A CFD-FEM based partitioned fluid structure interaction model to investigate surface cracks in elastohydrodynamic lubricated line contacts

Abstract

This paper presents a partitioned, two-dimensional fluid structure interaction (FSI) model developed to investigate the effects of surface cracks in rolling/sliding line contacts operating under elastohydrodynamic lubrication (EHL). The lubricant behavior as it flows over and through the crack is determined by solving the Navier-Stokes equations using the Ansys Fluent computational fluid dynamics (CFD) solver. The structural response of the solid body is governed via an elastic-plastic constitutive relationship and solved using the Ansys Mechanical finite element solver. The exchange of (i) forces due to fluid pressure, and (ii) displacements due to solid deformation across the fluid-solid interface (including the crack faces) is facilitated by an iterative implicit coupling scheme. A smoothing based dynamic meshing technique is utilized to capture the deformation of the fluid region. The FSI model developed for this investigation is capable of modeling surface cracks with inclined geometries, overcoming the limitations of the classical Reynolds based approach.
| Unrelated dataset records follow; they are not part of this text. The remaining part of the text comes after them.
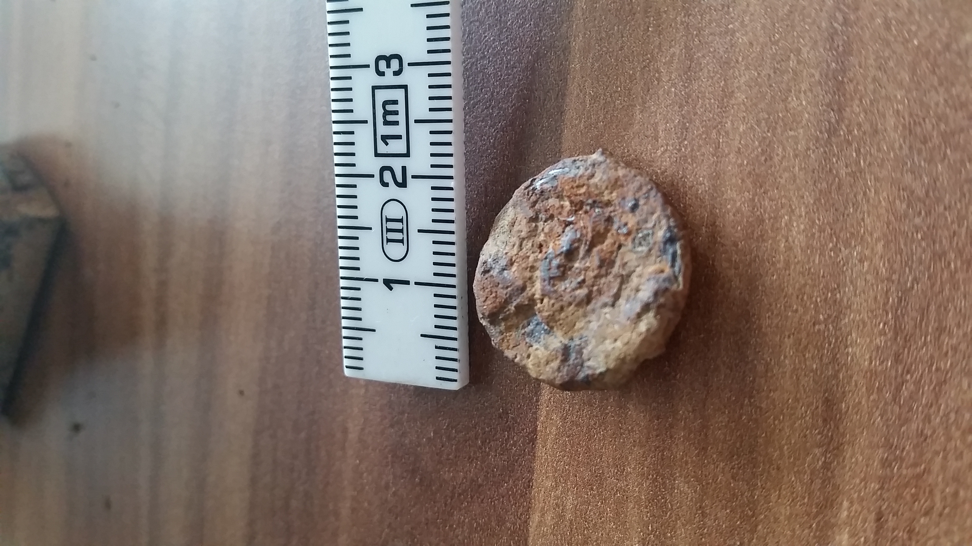 Das Bild von der Rückseite sieht so aus, als ob da eine Öse rausschaut. Dann wärs ein Knopf. Von einem armen Knopf, da aus Eisen.
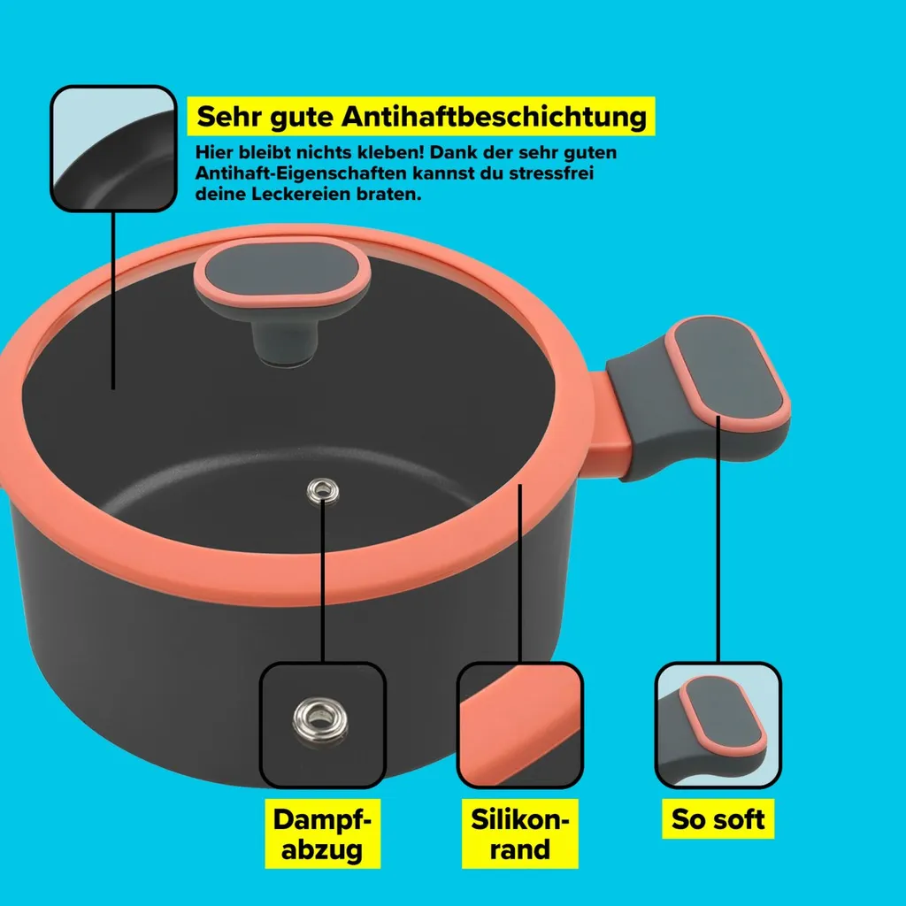Was muss ein guter Kochtopf können? Der Tasty Antihaft-Kochtopf (Ø 20 cm). Er hat die perfekte Größe für alles, was gekocht werden kann. Die Softtouch-Griffe und der Knauf am Deckel liegen dabei bequem in der Hand und machen in einer coolen Kombination aus Orange und Grau ordentlich was her. Der Kochtopf ist natürlich für alle Herdarten inklusive Induktion geeignet.
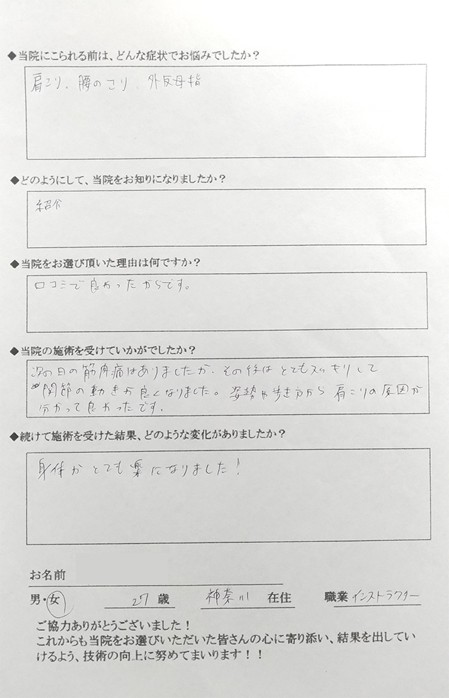 細かやな説明を元にどうしてその部分に痛みが出ているのかを解明していただけるので、定期的に気になるところを施術していただいています。
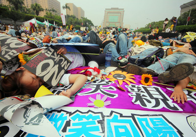 游行民眾在行進(jìn)途中上演行動(dòng)劇:核災(zāi)警報(bào)響起后,數(shù)千民眾集體倒下,無(wú)聲靜默約5分鐘,模仿核災(zāi)發(fā)生的死傷狀況。來(lái)源:臺(tái)灣“今日新聞網(wǎng)”
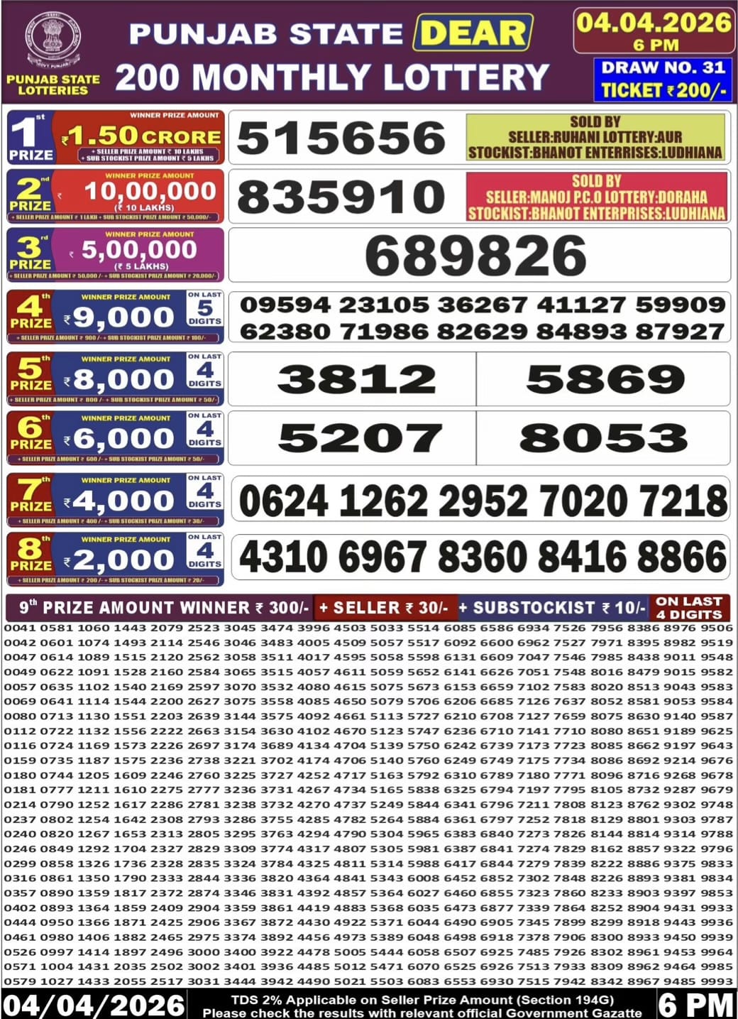 Rajshree Ravi Weekly Lottery 29.03.2026 Result 2.25 PM 0 Likes 31 Views Related Articles 20 211Punjab State Dear 50 Jackal Saturday 6pm Lottery Result 03.01.2026 0 52Maharashtra Ganeshlaxmi Vijayee Weekly Draw 25.02.2026 Result 5 PM 0 22Punjab State Dear 200 Monthly Lottery 04.04.2026 Result 6 PM 0 48Maharashtra Padmini Weekly Draw Result 17.2.2026

The fluid pressure results are presented for different loads, speeds and slide-to-roll ratios. The effects of crack geometry (i.e. location, dimension, inclination, crack tip radius, etc.) on fluid pressure and structural response are investigated. The FSI model presents the details of pressure distribution, fluid streamlines and stress concentration in the solid simultaneously. The model results can be used to provide accurate boundary conditions on the crack faces for crack propagation modeling in rolling contact fatigue. The results of this investigation identify the crack geometries that affect fatigue life of rolling elements in EHL contact by predicting the location and severity of stress concentrations in the material.